This concern misses the primary mechanism at work. The saying-is-believing effect improves outcomes for the advice giver, not necessarily the receiver. Even if the advice itself is imperfect, the act of generating and articulating it creates cognitive commitment for the person giving it.
You can mitigate quality concerns by providing a structured framework. Instead of completely open-ended advice, give participants prompts that guide them toward evidence-based strategies from the training.
"Won't this take time away from actual training content?"
Research shows that 10-15 minutes of advice-giving can produce measurable behavior change and performance improvements. Compare this to the alternative: hours of training content that never gets applied because there's no mechanism to bridge the knowing-doing gap. The ROI calculation is clear.
"How do we measure if this actually works?"
Measure actual workplace behavior, not just satisfaction or knowledge retention. Specific metrics might include: behavior change observations by managers (are employees actually applying the training?), performance indicators tied to training objectives (did sales conversion rates improve?), and self-reported application frequency and confidence.
"What if our culture doesn't support this kind of peer learning?"
Start small and build momentum. Begin with a single training program where you incorporate a brief advice-giving exercise. Collect testimonials from participants about their experience. Share success stories with leadership. As you demonstrate results, skepticism will diminish.

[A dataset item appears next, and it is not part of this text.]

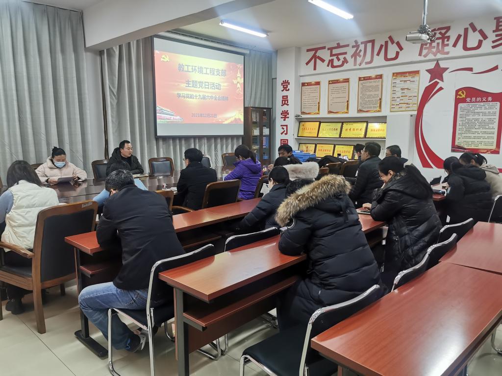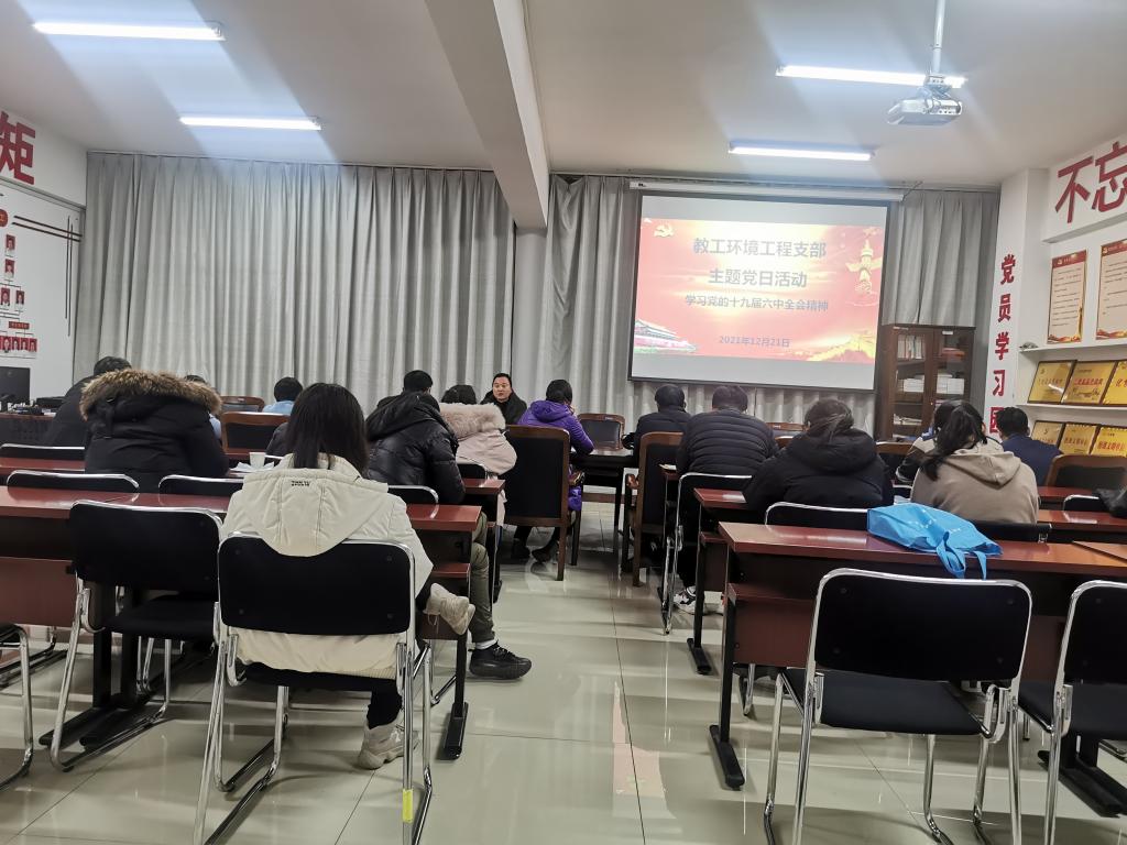 1221日,教工环境工程支部召开学习党的十九届六中全会精神主题党日活动。全体教工党员参加了此次活动,该活动由教工支部书记王振伟主持。

Building an Advice-Giving Culture
While individual interventions are powerful, the most significant impact comes from systematically integrating advice-giving into your L&D ecosystem. This means moving beyond occasional activities to creating an organizational culture where peer advice is a standard part of how learning happens.
Make peer coaching a recognized competency, not just a nice-to-have. Include "quality of advice given to colleagues" as a dimension in performance reviews. Create digital platforms where employees can easily share implementation advice with colleagues (while respecting privacy). Celebrate and spotlight examples of employees who've successfully applied training by having them advise others.
Organizations that successfully build advice-giving cultures report higher engagement, better knowledge retention, and stronger learning transfer. They also see improved collaboration and team cohesion as employees develop stronger connections through the advice-giving process.
Integrating With Modern Learning Technologies
Technology can significantly amplify the impact of advice-giving interventions when thoughtfully applied. Learning management systems can include structured advice-giving activities as part of course completion requirements. Microlearning platforms can deliver periodic prompts for learners to give advice about applying specific concepts.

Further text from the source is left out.